▸ Work order
For this exercise, write out only the lines of the entries below from the one with "Lamari Echo یک" up to and including the one with "为了给肿瘤患者病理诊断,她把", exactly as they are. Pictures stay out.

▸ Provided data
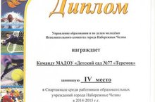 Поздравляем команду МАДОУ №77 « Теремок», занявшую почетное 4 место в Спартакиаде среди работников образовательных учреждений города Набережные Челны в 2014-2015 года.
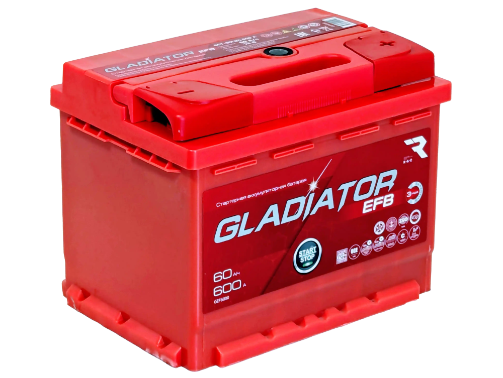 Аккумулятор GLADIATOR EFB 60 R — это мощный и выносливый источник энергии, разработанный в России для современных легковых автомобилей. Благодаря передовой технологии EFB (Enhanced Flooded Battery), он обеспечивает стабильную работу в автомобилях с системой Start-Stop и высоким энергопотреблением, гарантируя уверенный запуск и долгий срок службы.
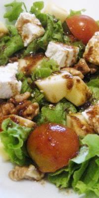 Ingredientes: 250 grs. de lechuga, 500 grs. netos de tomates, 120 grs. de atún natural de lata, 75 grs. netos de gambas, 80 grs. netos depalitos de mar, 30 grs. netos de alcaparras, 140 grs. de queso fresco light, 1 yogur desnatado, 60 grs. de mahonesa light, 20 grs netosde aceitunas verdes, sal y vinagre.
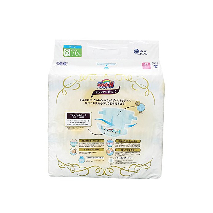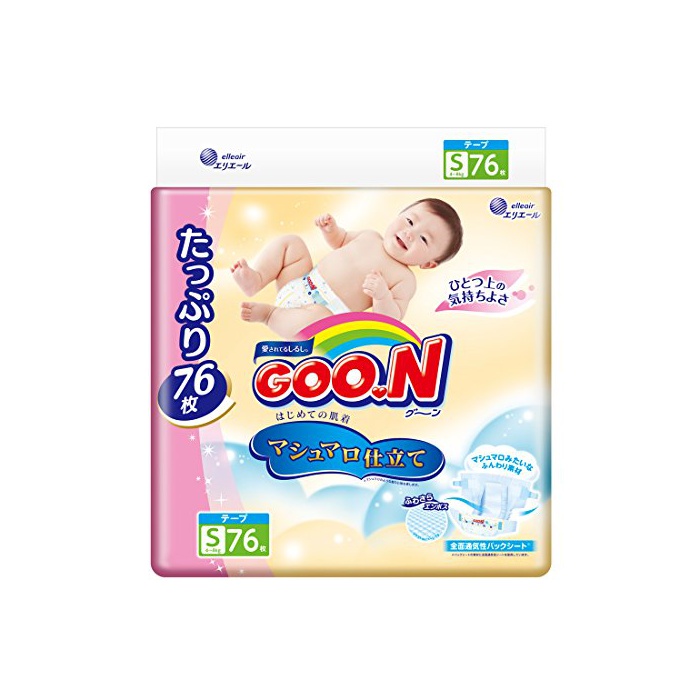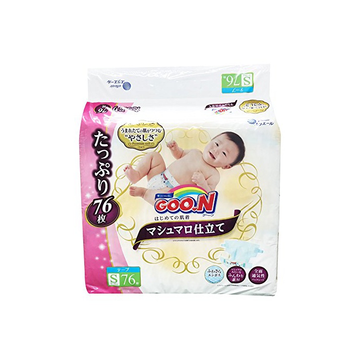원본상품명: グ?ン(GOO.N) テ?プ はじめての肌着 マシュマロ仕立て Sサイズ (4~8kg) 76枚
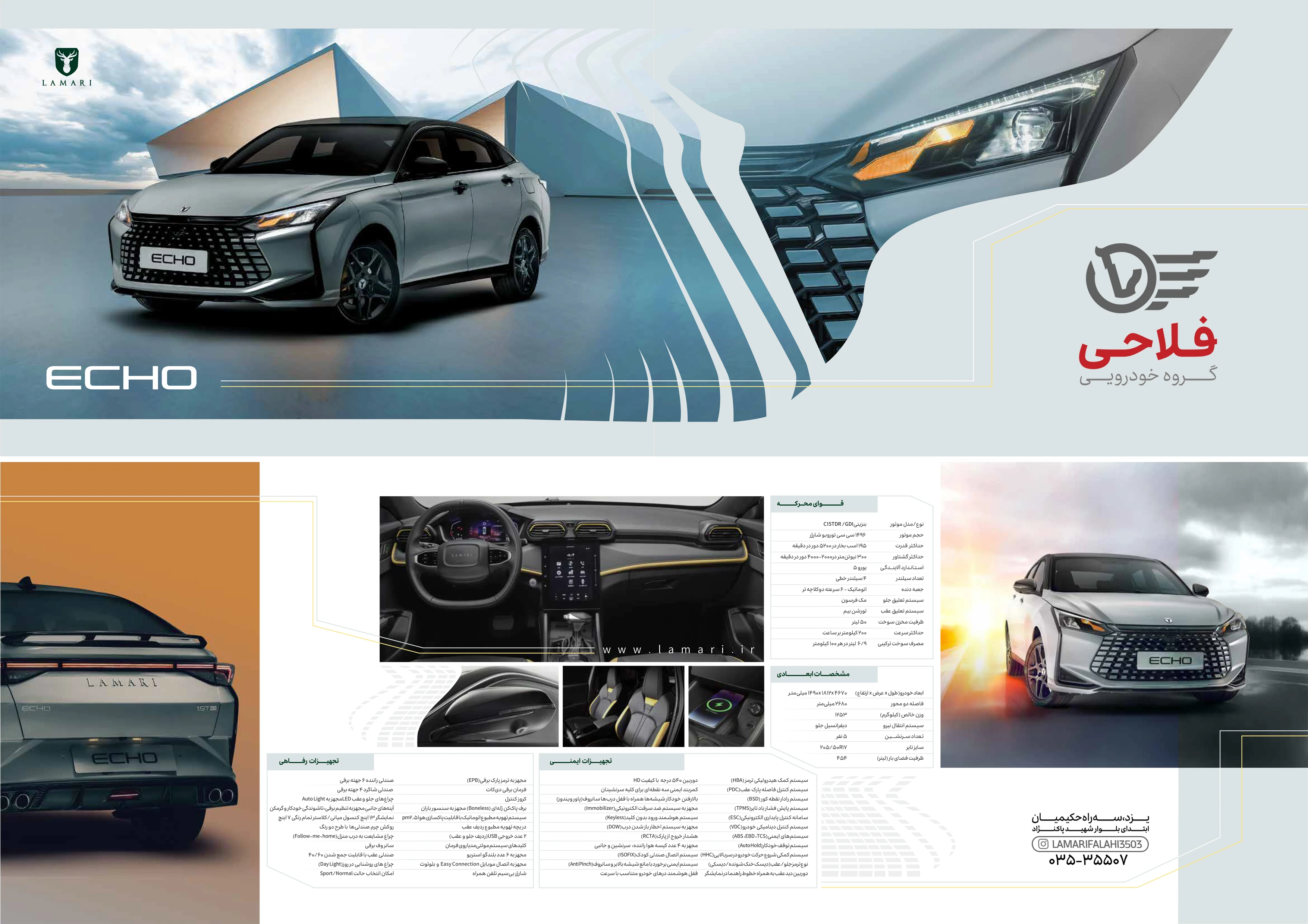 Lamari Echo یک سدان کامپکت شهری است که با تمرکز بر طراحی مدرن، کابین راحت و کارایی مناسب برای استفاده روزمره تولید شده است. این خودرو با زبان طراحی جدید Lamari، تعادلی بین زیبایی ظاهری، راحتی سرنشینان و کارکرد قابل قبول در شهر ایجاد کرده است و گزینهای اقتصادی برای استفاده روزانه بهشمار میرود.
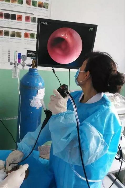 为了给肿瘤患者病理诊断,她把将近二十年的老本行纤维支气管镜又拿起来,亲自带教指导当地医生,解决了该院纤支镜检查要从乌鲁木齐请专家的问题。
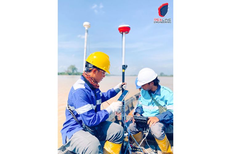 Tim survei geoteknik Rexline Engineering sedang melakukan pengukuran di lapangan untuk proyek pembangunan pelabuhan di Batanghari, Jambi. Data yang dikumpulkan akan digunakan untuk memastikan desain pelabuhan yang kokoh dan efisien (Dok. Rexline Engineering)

▸ Response area
 Lamari Echo یک سدان کامپکت شهری است که با تمرکز بر طراحی مدرن، کابین راحت و کارایی مناسب برای استفاده روزمره تولید شده است. این خودرو با زبان طراحی جدید Lamari، تعادلی بین زیبایی ظاهری، راحتی سرنشینان و کارکرد قابل قبول در شهر ایجاد کرده است و گزینهای اقتصادی برای استفاده روزانه بهشمار میرود.
 为了给肿瘤患者病理诊断,她把将近二十年的老本行纤维支气管镜又拿起来,亲自带教指导当地医生,解决了该院纤支镜检查要从乌鲁木齐请专家的问题。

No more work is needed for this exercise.